Personal information
- Born: September 5, 1996 (age 29) Ulan-Ude, Russia

Chess career
- Country: Russia
- Title: Grandmaster (2019)
- FIDE rating: 2525 (July 2026)
- Peak rating: 2573 (June 2019)

= Zhamsaran Tsydypov =

Russian chess grandmaster (born 1996)

Zhamsaran Ayurovich Tsydypov is a Russian chess grandmaster.

==Chess career==
In May 2017, he finished tied for first place with Alexander Morozevich in the Rashid Nezhmetdinov Rapid Cup.

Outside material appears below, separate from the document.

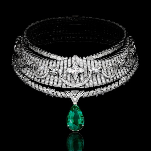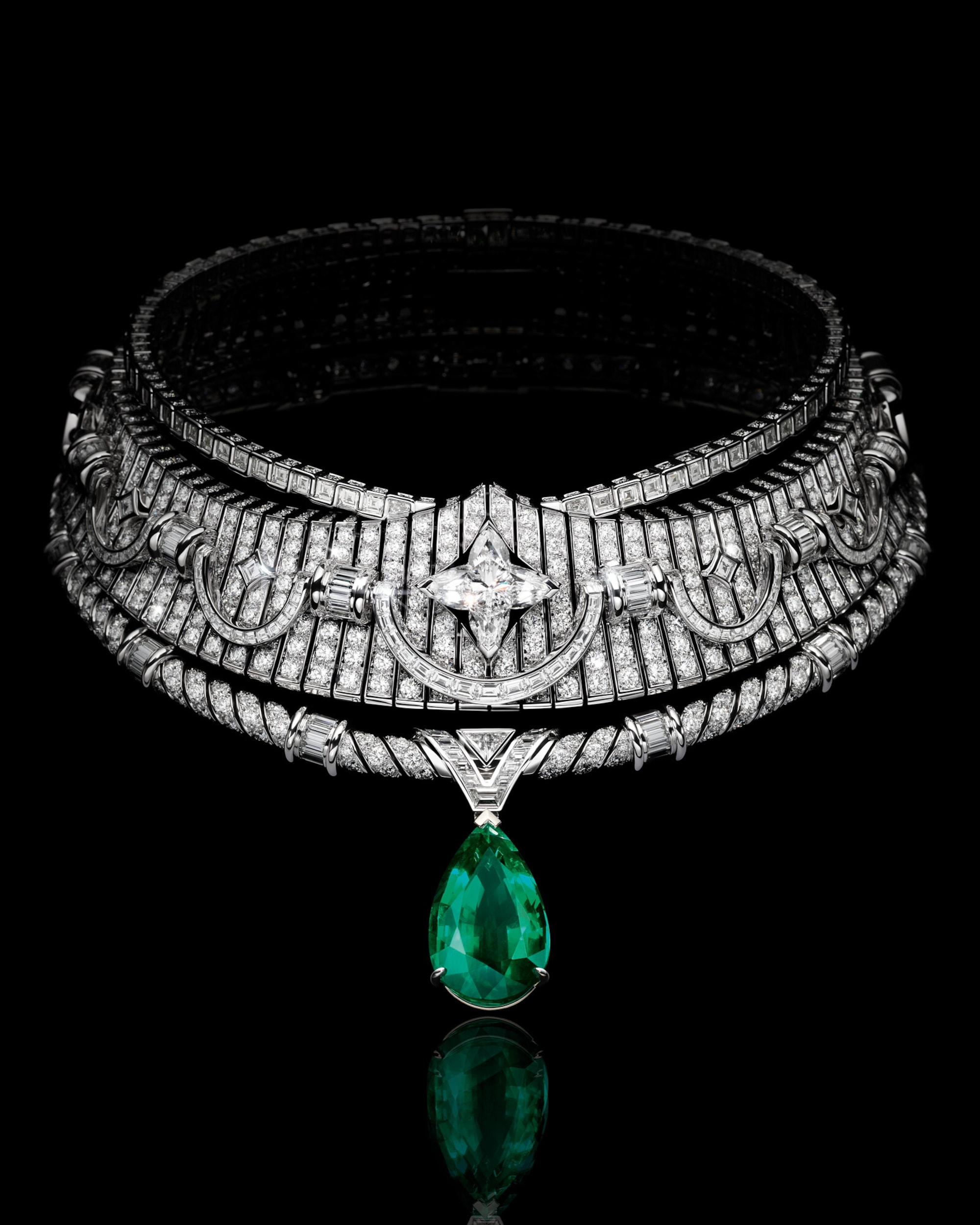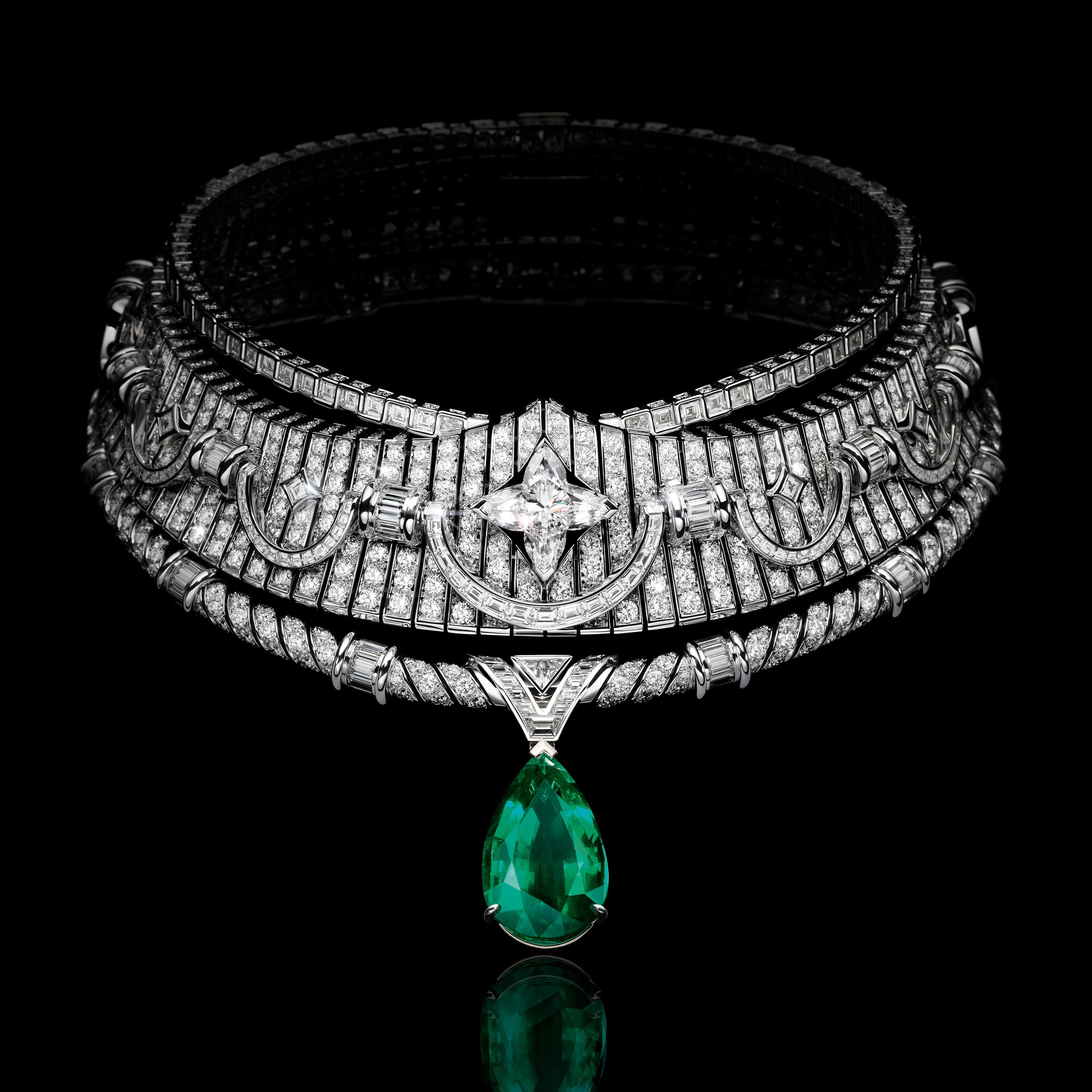 Apogée 主題透過匠心技藝與細膩情感的結合,展示登峰造極之美。此主題的矚目焦點為一條令人驚豔的項鏈,設計鑲嵌一顆稀世難求的 30.75 克拉巴西水滴形祖母綠及一顆珍罕的 10.56 克拉 D 色無瑕 LV Monogram Star 切割美鑽,象徵臻美無瑕。仔細連接的手挽細節令人想起品牌行李箱實用優雅的設計,而繩索細節則展示嫵媚優雅、堅毅果敢與精巧工藝的完美平衡。
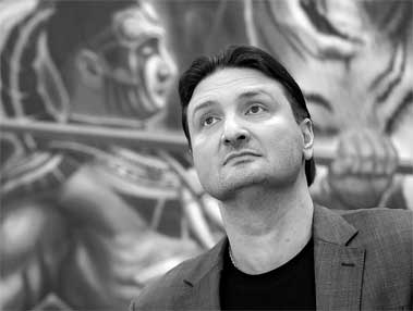 И вот я сижу в окружении цветущей листвы в приемной, волей-неволей ерзаю на светлом диване, настраиваюсь. И тут буквально вбегает он. «Вы по поводу книги? Заходите». Крепкое рукопожатие – и он ринулся в кабинет. Я остался позади и услышал странный звук: резкое металлическое «бах-бах» от соприкосновения медных оркестровых тарелок. В голове появилась пресловутая заводная обезьяна и стала часто-часто стучать в эти тарелки.

He lost the championship to Morozevich on tiebreaks.

In April 2018, he won a Titled Tuesday tournament hosted on chess.com alongside Sergey Grigoriants and Aram Hakobyan.

In December 2019, he finished in third place at the Rapid Grand Prix Final of Russia, placing behind winner Alexander Morozevich and runner-up Aleksandr Shimanov.

In October 2021, he finished as the runner-up behind tournament winner Sanan Sjugirov in the Russian Rapid Championship.

In October 2023, he won the Russian Blitz Championship, defeating Alexander Grischuk and Boris Savchenko on tiebreaks.